- [Assigned task] Nothing but a verbatim copy of the data, minus the images, should be returned.

Provided data START

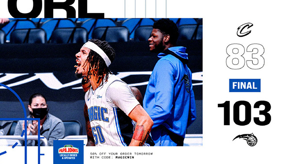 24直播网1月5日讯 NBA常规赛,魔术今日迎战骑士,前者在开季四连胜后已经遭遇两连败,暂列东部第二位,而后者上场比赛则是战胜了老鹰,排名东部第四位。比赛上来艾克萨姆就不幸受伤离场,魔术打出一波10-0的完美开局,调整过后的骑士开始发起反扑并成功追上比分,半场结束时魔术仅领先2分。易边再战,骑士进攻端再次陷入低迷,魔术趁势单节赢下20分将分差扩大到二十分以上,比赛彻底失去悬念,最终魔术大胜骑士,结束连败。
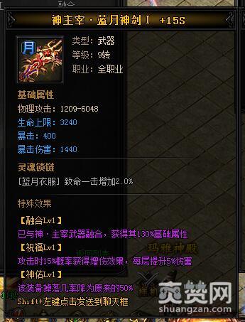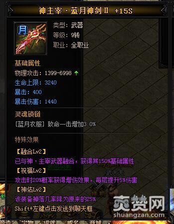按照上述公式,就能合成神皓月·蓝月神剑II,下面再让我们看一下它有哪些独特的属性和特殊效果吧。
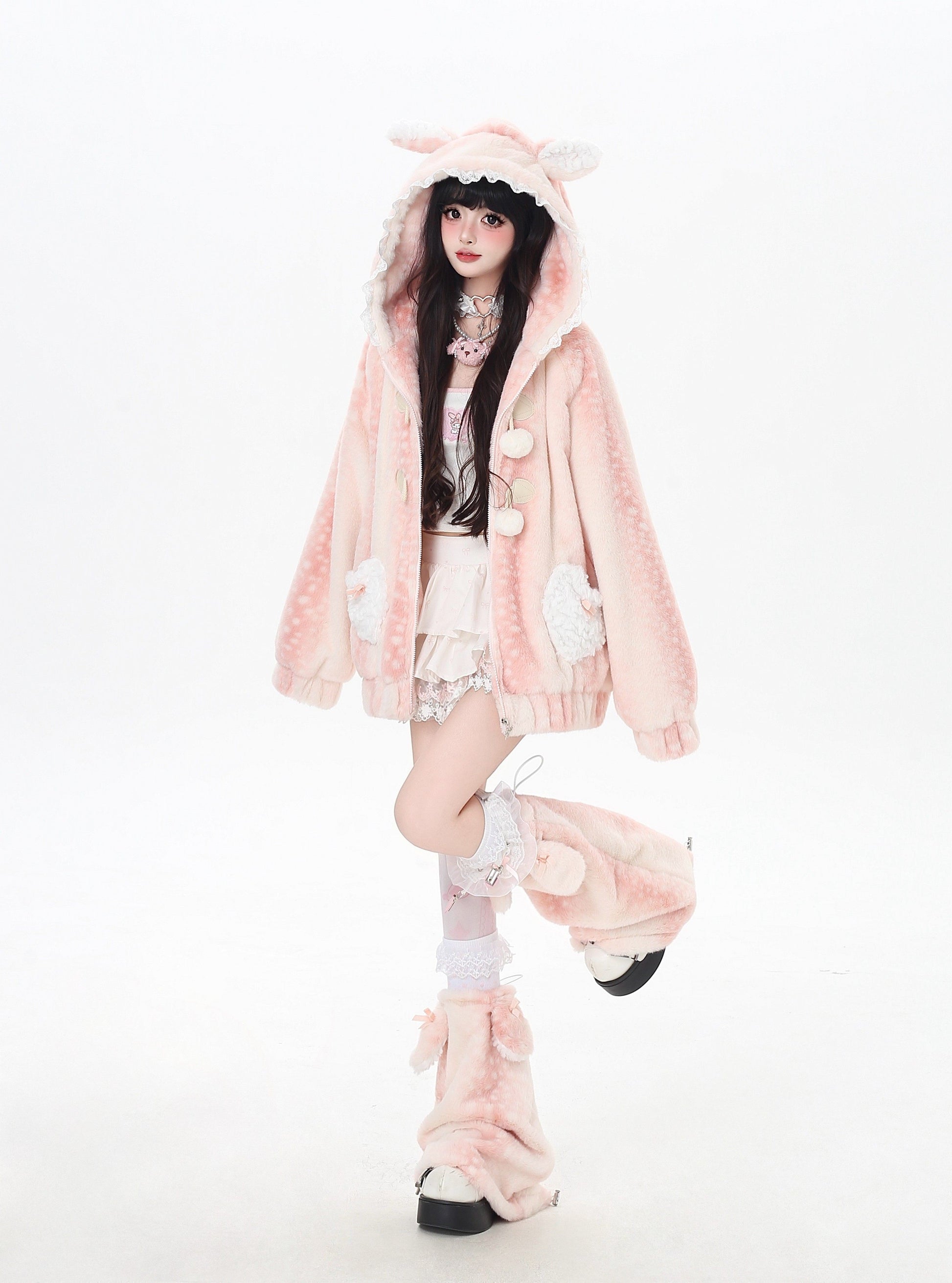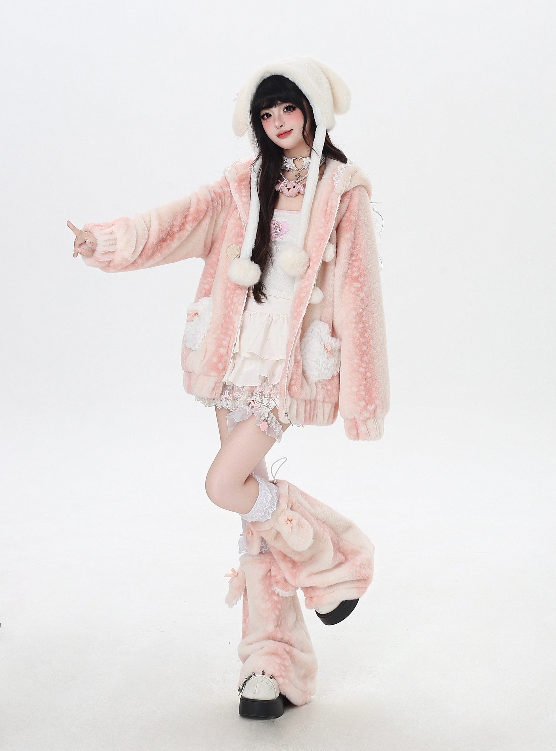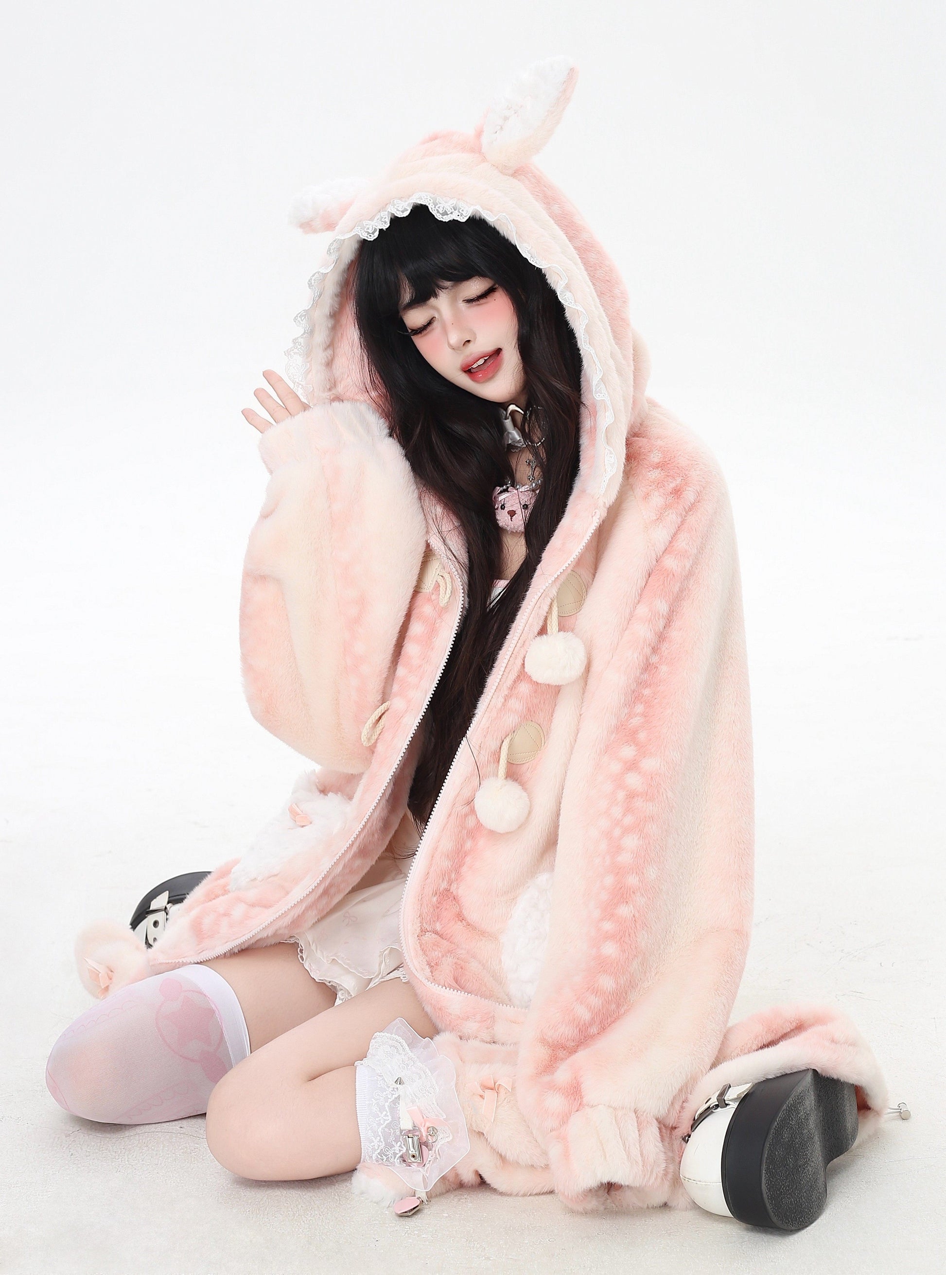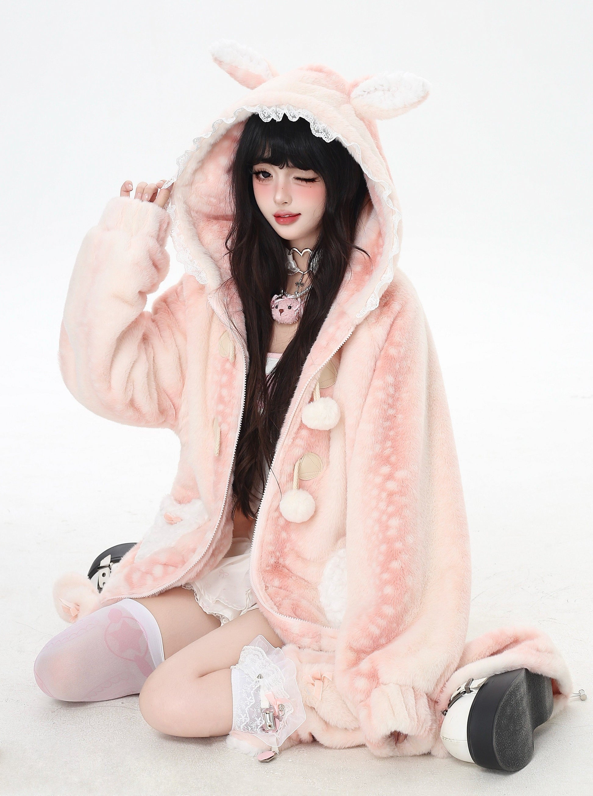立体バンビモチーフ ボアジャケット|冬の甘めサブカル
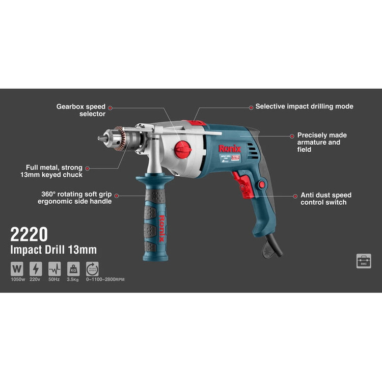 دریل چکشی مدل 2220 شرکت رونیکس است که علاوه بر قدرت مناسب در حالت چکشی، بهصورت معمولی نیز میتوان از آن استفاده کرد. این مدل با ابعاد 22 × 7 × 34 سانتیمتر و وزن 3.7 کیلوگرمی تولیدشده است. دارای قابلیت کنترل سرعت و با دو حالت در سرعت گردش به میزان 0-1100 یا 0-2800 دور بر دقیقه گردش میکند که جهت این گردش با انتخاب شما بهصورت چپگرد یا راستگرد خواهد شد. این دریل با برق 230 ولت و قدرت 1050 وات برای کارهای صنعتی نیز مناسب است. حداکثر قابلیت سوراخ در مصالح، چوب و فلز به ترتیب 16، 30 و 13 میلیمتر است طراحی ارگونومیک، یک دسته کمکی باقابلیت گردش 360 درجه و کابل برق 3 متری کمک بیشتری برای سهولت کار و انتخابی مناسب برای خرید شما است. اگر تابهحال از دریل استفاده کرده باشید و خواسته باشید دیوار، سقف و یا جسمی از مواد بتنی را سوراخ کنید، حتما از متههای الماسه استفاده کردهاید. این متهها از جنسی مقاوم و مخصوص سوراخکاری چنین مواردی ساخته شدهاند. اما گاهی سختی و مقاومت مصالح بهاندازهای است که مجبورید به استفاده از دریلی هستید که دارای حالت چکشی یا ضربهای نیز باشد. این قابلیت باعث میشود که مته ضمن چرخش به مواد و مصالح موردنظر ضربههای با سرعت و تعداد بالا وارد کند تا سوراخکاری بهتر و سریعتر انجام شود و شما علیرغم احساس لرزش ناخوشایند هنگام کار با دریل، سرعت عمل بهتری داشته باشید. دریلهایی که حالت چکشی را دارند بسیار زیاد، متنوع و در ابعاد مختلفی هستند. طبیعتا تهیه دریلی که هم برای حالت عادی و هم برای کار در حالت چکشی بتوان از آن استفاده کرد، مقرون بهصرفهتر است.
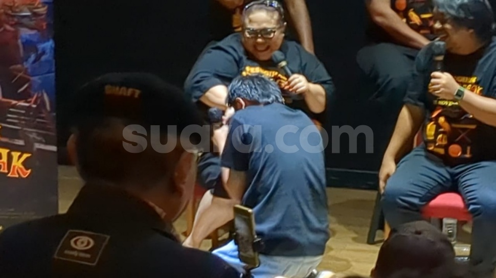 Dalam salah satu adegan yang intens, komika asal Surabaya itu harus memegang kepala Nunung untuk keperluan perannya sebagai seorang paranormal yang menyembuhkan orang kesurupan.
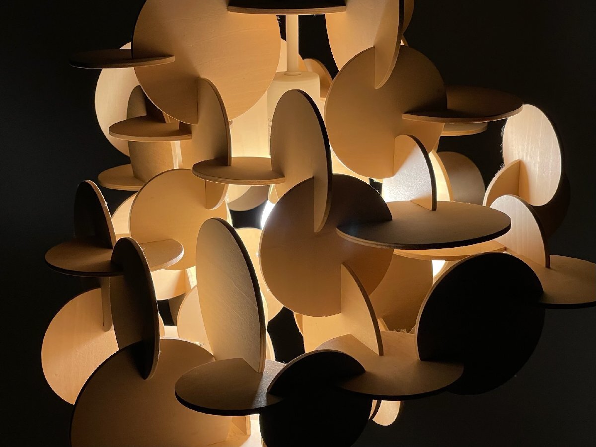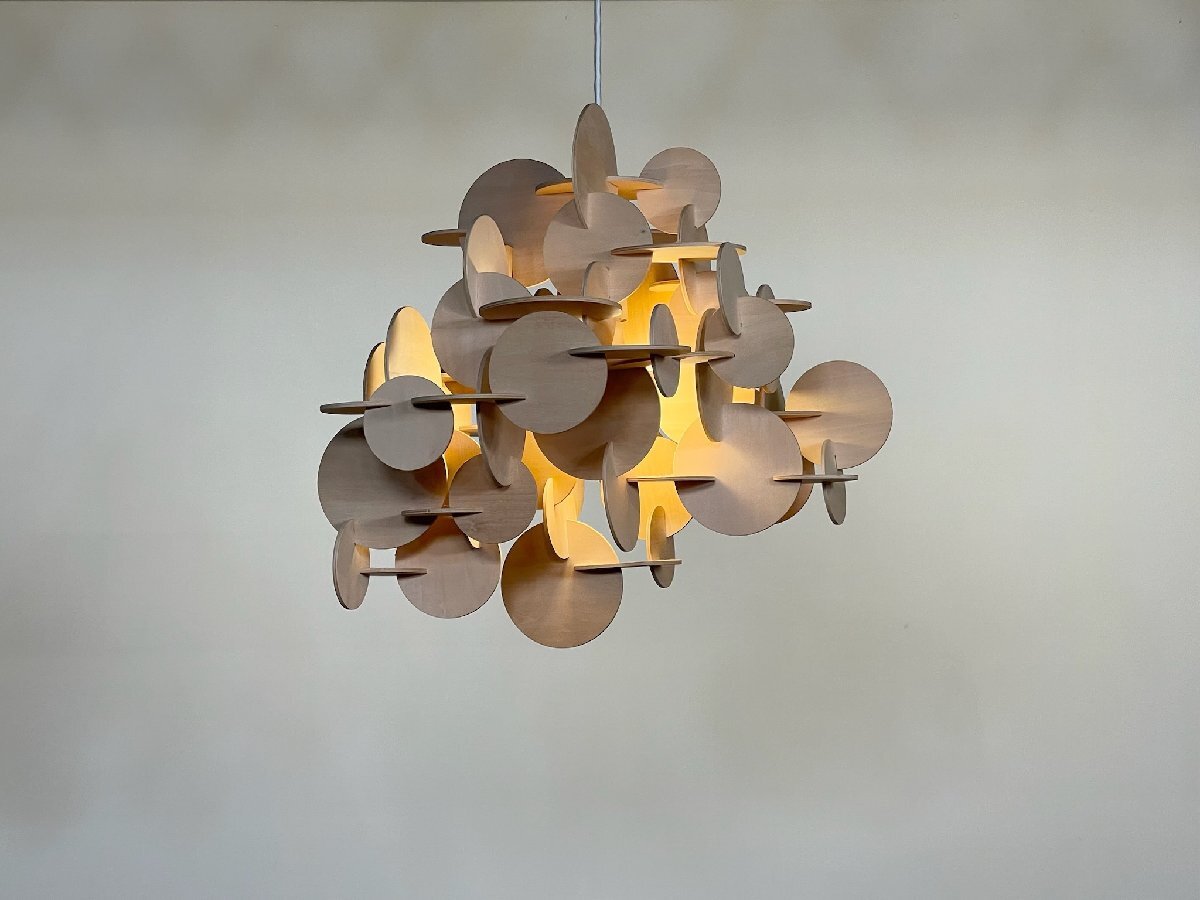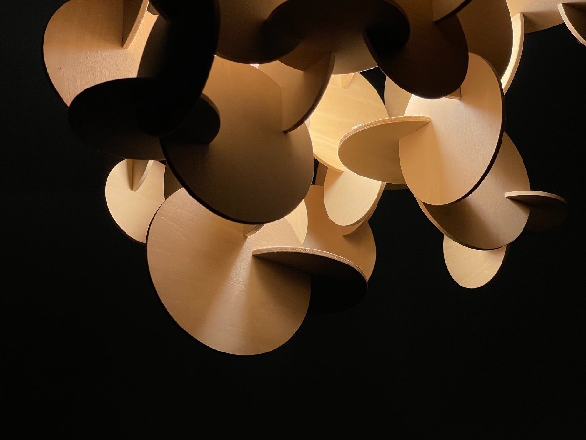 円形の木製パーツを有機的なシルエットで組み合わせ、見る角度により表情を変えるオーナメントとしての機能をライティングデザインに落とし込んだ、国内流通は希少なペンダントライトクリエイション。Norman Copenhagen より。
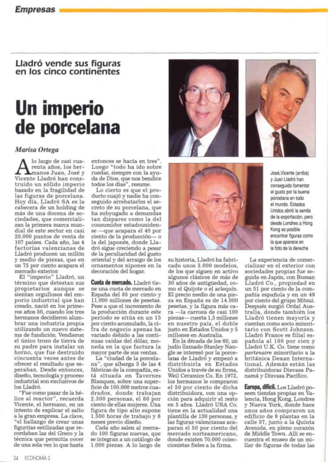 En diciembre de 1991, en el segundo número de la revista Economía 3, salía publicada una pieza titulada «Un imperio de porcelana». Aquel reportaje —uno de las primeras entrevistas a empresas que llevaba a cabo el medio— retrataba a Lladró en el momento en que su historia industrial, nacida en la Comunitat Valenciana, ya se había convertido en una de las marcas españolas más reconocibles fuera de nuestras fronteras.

Provided data END

- [Result of the exercise]
 24直播网1月5日讯 NBA常规赛,魔术今日迎战骑士,前者在开季四连胜后已经遭遇两连败,暂列东部第二位,而后者上场比赛则是战胜了老鹰,排名东部第四位。比赛上来艾克萨姆就不幸受伤离场,魔术打出一波10-0的完美开局,调整过后的骑士开始发起反扑并成功追上比分,半场结束时魔术仅领先2分。易边再战,骑士进攻端再次陷入低迷,魔术趁势单节赢下20分将分差扩大到二十分以上,比赛彻底失去悬念,最终魔术大胜骑士,结束连败。
按照上述公式,就能合成神皓月·蓝月神剑II,下面再让我们看一下它有哪些独特的属性和特殊效果吧。
立体バンビモチーフ ボアジャケット|冬の甘めサブカル
 دریل چکشی مدل 2220 شرکت رونیکس است که علاوه بر قدرت مناسب در حالت چکشی، بهصورت معمولی نیز میتوان از آن استفاده کرد. این مدل با ابعاد 22 × 7 × 34 سانتیمتر و وزن 3.7 کیلوگرمی تولیدشده است. دارای قابلیت کنترل سرعت و با دو حالت در سرعت گردش به میزان 0-1100 یا 0-2800 دور بر دقیقه گردش میکند که جهت این گردش با انتخاب شما بهصورت چپگرد یا راستگرد خواهد شد. این دریل با برق 230 ولت و قدرت 1050 وات برای کارهای صنعتی نیز مناسب است. حداکثر قابلیت سوراخ در مصالح، چوب و فلز به ترتیب 16، 30 و 13 میلیمتر است طراحی ارگونومیک، یک دسته کمکی باقابلیت گردش 360 درجه و کابل برق 3 متری کمک بیشتری برای سهولت کار و انتخابی مناسب برای خرید شما است. اگر تابهحال از دریل استفاده کرده باشید و خواسته باشید دیوار، سقف و یا جسمی از مواد بتنی را سوراخ کنید، حتما از متههای الماسه استفاده کردهاید. این متهها از جنسی مقاوم و مخصوص سوراخکاری چنین مواردی ساخته شدهاند. اما گاهی سختی و مقاومت مصالح بهاندازهای است که مجبورید به استفاده از دریلی هستید که دارای حالت چکشی یا ضربهای نیز باشد. این قابلیت باعث میشود که مته ضمن چرخش به مواد و مصالح موردنظر ضربههای با سرعت و تعداد بالا وارد کند تا سوراخکاری بهتر و سریعتر انجام شود و شما علیرغم احساس لرزش ناخوشایند هنگام کار با دریل، سرعت عمل بهتری داشته باشید. دریلهایی که حالت چکشی را دارند بسیار زیاد، متنوع و در ابعاد مختلفی هستند. طبیعتا تهیه دریلی که هم برای حالت عادی و هم برای کار در حالت چکشی بتوان از آن استفاده کرد، مقرون بهصرفهتر است.
 Dalam salah satu adegan yang intens, komika asal Surabaya itu harus memegang kepala Nunung untuk keperluan perannya sebagai seorang paranormal yang menyembuhkan orang kesurupan.
 円形の木製パーツを有機的なシルエットで組み合わせ、見る角度により表情を変えるオーナメントとしての機能をライティングデザインに落とし込んだ、国内流通は希少なペンダントライトクリエイション。Norman Copenhagen より。
 En diciembre de 1991, en el segundo número de la revista Economía 3, salía publicada una pieza titulada «Un imperio de porcelana». Aquel reportaje —uno de las primeras entrevistas a empresas que llevaba a cabo el medio— retrataba a Lladró en el momento en que su historia industrial, nacida en la Comunitat Valenciana, ya se había convertido en una de las marcas españolas más reconocibles fuera de nuestras fronteras.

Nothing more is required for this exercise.